Kepercayaan pemegang hak suara KLB nyatanya tinggi pada Jokdri (dan Iwan Budianto). Dari 107 suara, ia mendapatkan 78 suara, sementara Iwan Budianto 73 suara (voters memilih dua nama). Jokdri dan Iwan terpilih jadi waketum dengan mengalahkan 12 calon lain, yang di antaranya adalah Erwin Aksa dan Hinca Panjaitan. Edy Rahmayadi, sementara itu, terpilih jadi Ketum PSSI setelah menang telak.
Ketum Berganti-ganti, Jokdri Tetap di Sana, sampai Jokdri yang Menjadi Ketum
Pada 2016, di tahun yang sama ketika Edy terpilih menjadi Ketum PSSI, Jokdri mengakuisisi Persija Jakarta lewat PT Jakarta Indonesia Hebat.
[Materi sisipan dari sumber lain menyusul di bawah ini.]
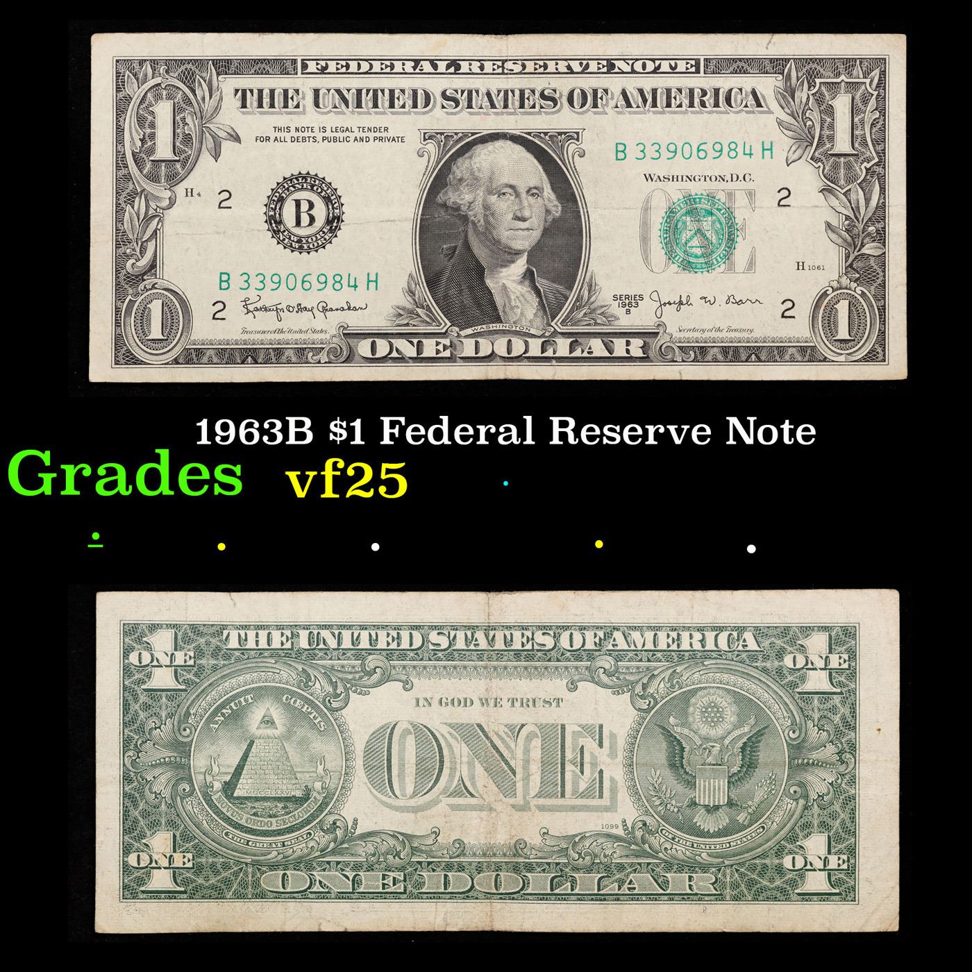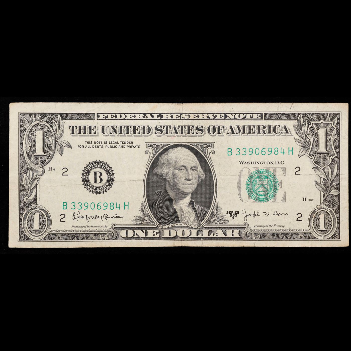 1963B $1 Federal Reserve Note Grades vf+.
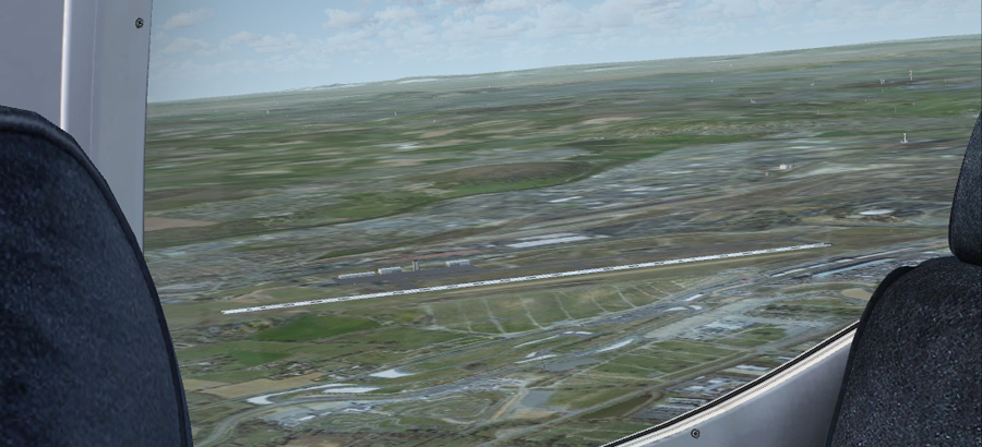 Puis nous redécollons pour Le Mans (LFRM). Navigation à vue, mais rien de difficile, la route étant jalonnée de petites plateformes. Puis nous arrivons en vue du Mans.

Ia merupakan pemilik saham 95% perusahaan yang memiliki saham Persija Jakarta sebesar 80%.
Dengan posisinya sebagai waketum, Jokdri seolah mencontoh Nirwan yang sebelumnya menjabat sebagai waketum sekaligus pemilik klub. Bahkan sempat ada isu muncul bahwa Nirwan-lah yang mendanai Jokdri dalam memiliki saham Persija, tapi Jokdri menampiknya.
Di samping segala kontroversinya, Jokdri tetap punya nama besar di persepakbola Asia. Pada 2017 juga ia terpilih sebagai Wakil Presiden AFF menggantikan wakil presiden yang mundur. Menurut Sekjen AFF, Dato Sri Azzudin, Jokdri merupakan sosok yang punya ide-ide cemerlang.
Dengan segala kecemerlangannya itu, Jokdri kini mencapai PSSI Satu sebagai Ketua Umum PSSI. Posisi ini sebenarnya bukan hal baru baginya karena pada 2018 pun ia sempat mengemban tugas yang sama walau hanya tiga bulan, terkait pencalonan Edy Rahmayadi sebagai Gubernur Sumatera Utara. Walau hanya sebagai Plt, tapi ada periode satu tahun baginya untuk mengemban tugas ini.
Ya, kemungkinan PSSI belum akan memilih ketua umum baru mengingat "rezim Edy Rahmayadi" akan berakhir pada 2020 alias satu tahun mendatang.
Secara tidak langsung, dalam satu tahun ke depan, Joko Driyono benar-benar akan menjadi sosok nomor satu di PSSI setelah selama ini lebih banyak memberikan pengaruh besar di belakang layar. Bukan tak mungkin apa yang akan terjadi dalam satu tahun ke depan akan membuatnya benar-benar menempati kursi Ketua Umum PSSI, posisi yang ia idamkan pada 2015 lalu.